● **EXERCISE DIRECTIONS**: Every line of the listing below from the one with "A preliminary assessment" up to and including the one with "shadowy frightful images" should be retyped exactly, and nothing else; pictures are not part of the copy.

● **SUPPLIED RECORDS**:

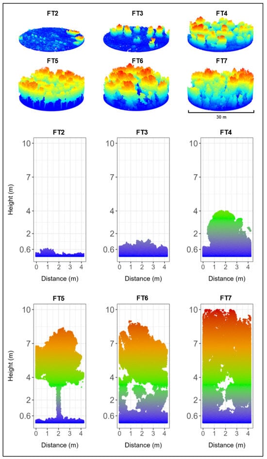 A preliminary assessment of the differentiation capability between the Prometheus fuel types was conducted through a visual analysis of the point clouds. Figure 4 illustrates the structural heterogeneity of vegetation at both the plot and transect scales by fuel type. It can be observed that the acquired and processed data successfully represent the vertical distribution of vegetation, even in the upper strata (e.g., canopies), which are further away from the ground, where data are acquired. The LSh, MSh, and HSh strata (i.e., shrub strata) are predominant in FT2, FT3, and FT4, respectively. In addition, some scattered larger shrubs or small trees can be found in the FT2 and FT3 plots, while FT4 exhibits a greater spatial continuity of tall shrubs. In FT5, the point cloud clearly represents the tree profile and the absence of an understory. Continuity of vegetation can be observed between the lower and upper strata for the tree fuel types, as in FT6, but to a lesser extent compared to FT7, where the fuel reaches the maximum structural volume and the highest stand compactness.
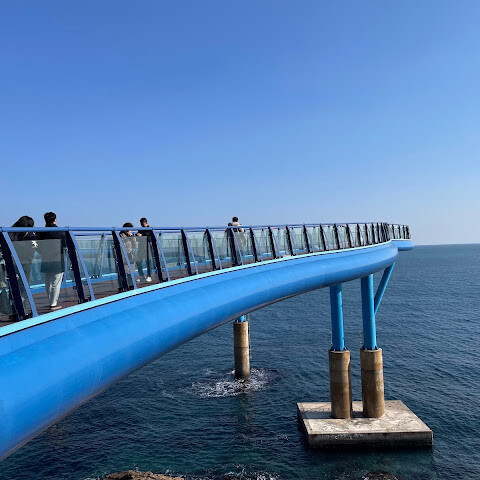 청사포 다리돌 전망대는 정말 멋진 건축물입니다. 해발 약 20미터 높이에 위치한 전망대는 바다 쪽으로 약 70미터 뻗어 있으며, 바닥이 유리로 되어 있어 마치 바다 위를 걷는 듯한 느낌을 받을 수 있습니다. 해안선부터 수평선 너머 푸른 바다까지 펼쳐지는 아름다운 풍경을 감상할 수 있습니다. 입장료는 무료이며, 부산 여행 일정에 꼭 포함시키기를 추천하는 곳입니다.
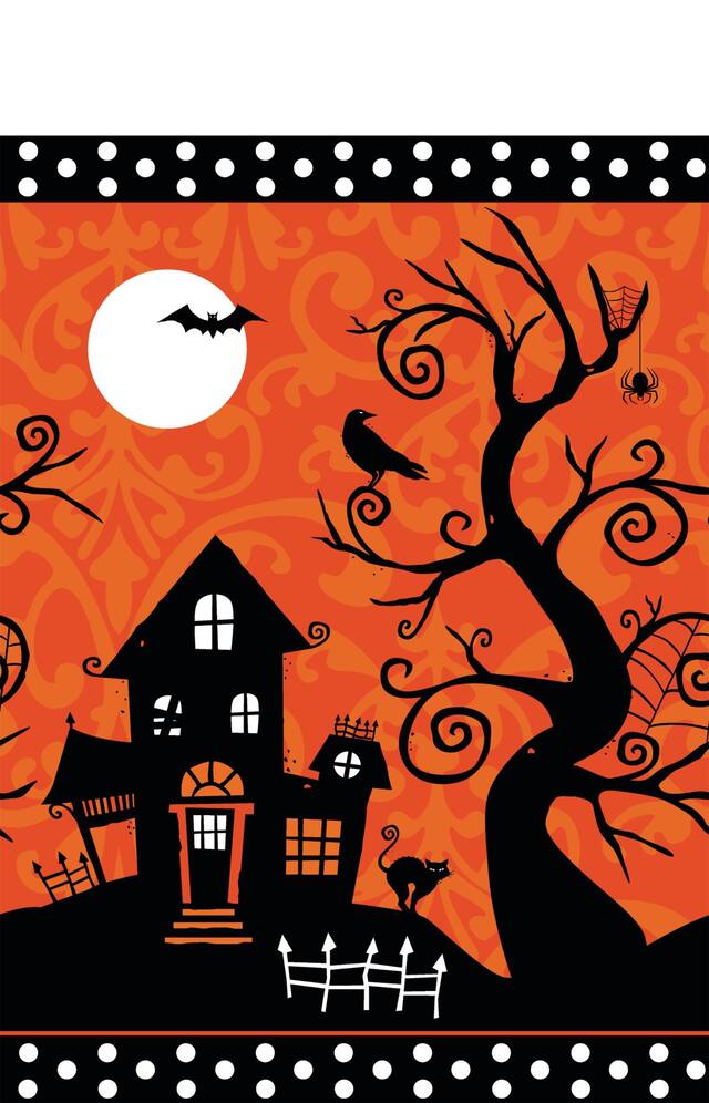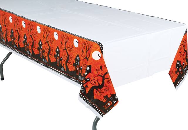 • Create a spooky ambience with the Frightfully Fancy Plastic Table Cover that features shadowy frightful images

---

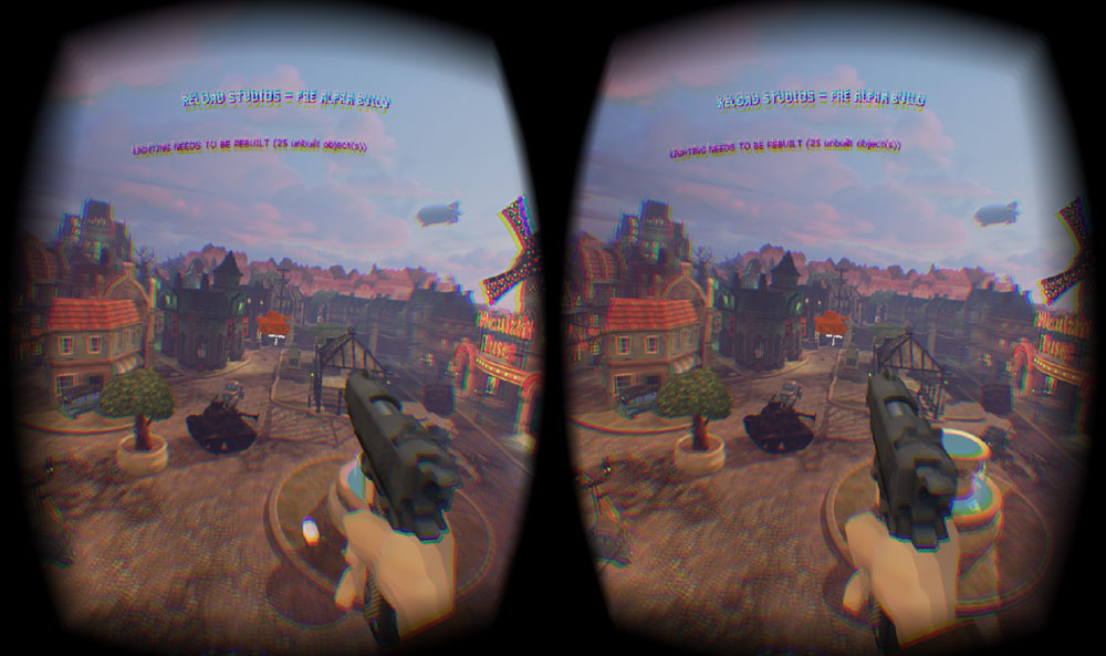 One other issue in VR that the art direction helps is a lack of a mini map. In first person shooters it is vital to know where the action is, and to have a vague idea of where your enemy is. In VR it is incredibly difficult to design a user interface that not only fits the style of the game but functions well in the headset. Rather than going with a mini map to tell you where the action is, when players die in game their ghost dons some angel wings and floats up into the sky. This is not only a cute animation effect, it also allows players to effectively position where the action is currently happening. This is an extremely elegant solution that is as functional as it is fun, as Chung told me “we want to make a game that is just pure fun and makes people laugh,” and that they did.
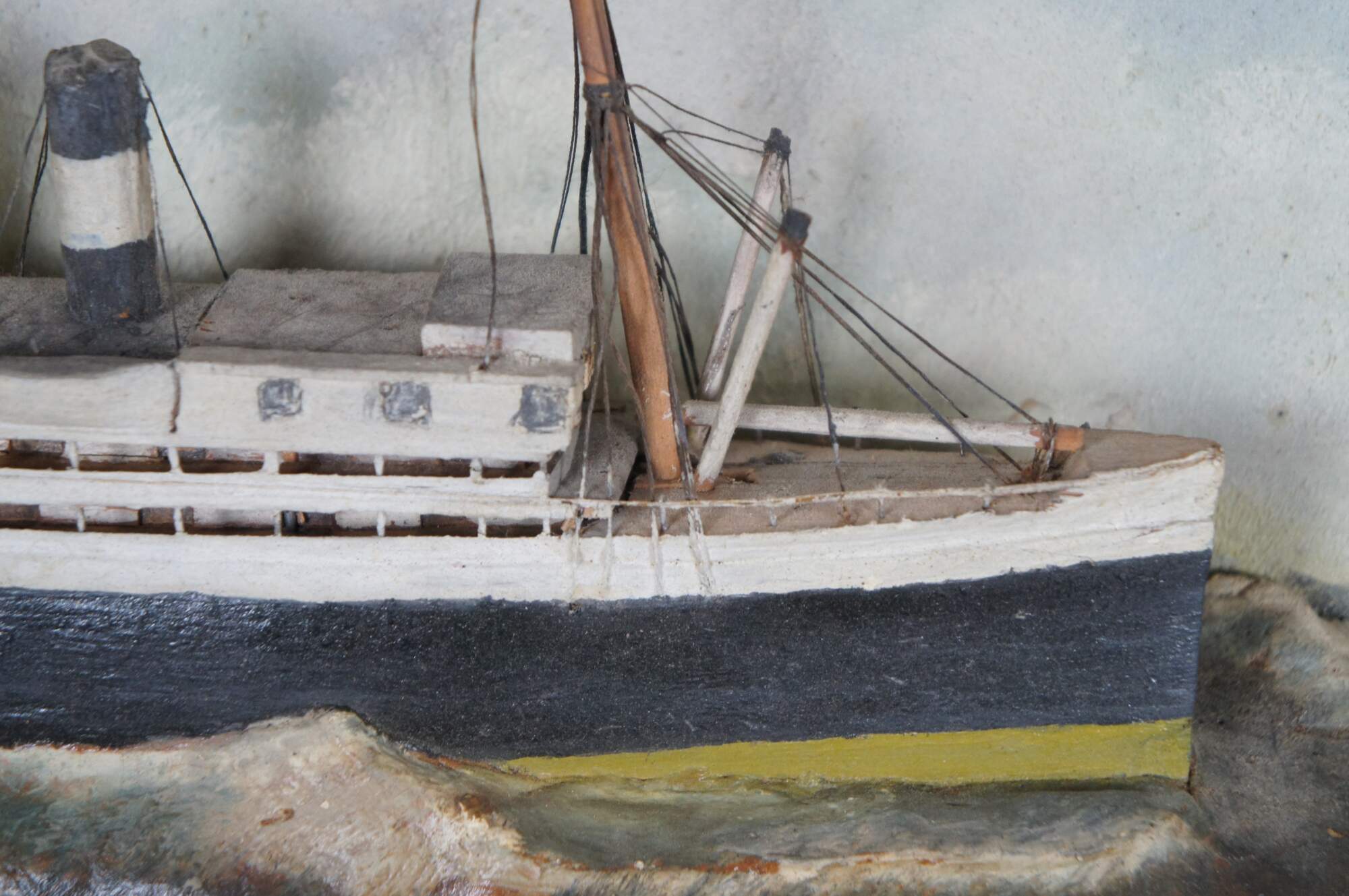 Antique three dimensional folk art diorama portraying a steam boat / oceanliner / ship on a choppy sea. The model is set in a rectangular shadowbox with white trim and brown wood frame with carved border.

● **ANSWER BELOW**:
 A preliminary assessment of the differentiation capability between the Prometheus fuel types was conducted through a visual analysis of the point clouds. Figure 4 illustrates the structural heterogeneity of vegetation at both the plot and transect scales by fuel type. It can be observed that the acquired and processed data successfully represent the vertical distribution of vegetation, even in the upper strata (e.g., canopies), which are further away from the ground, where data are acquired. The LSh, MSh, and HSh strata (i.e., shrub strata) are predominant in FT2, FT3, and FT4, respectively. In addition, some scattered larger shrubs or small trees can be found in the FT2 and FT3 plots, while FT4 exhibits a greater spatial continuity of tall shrubs. In FT5, the point cloud clearly represents the tree profile and the absence of an understory. Continuity of vegetation can be observed between the lower and upper strata for the tree fuel types, as in FT6, but to a lesser extent compared to FT7, where the fuel reaches the maximum structural volume and the highest stand compactness.
 청사포 다리돌 전망대는 정말 멋진 건축물입니다. 해발 약 20미터 높이에 위치한 전망대는 바다 쪽으로 약 70미터 뻗어 있으며, 바닥이 유리로 되어 있어 마치 바다 위를 걷는 듯한 느낌을 받을 수 있습니다. 해안선부터 수평선 너머 푸른 바다까지 펼쳐지는 아름다운 풍경을 감상할 수 있습니다. 입장료는 무료이며, 부산 여행 일정에 꼭 포함시키기를 추천하는 곳입니다.
 • Create a spooky ambience with the Frightfully Fancy Plastic Table Cover that features shadowy frightful images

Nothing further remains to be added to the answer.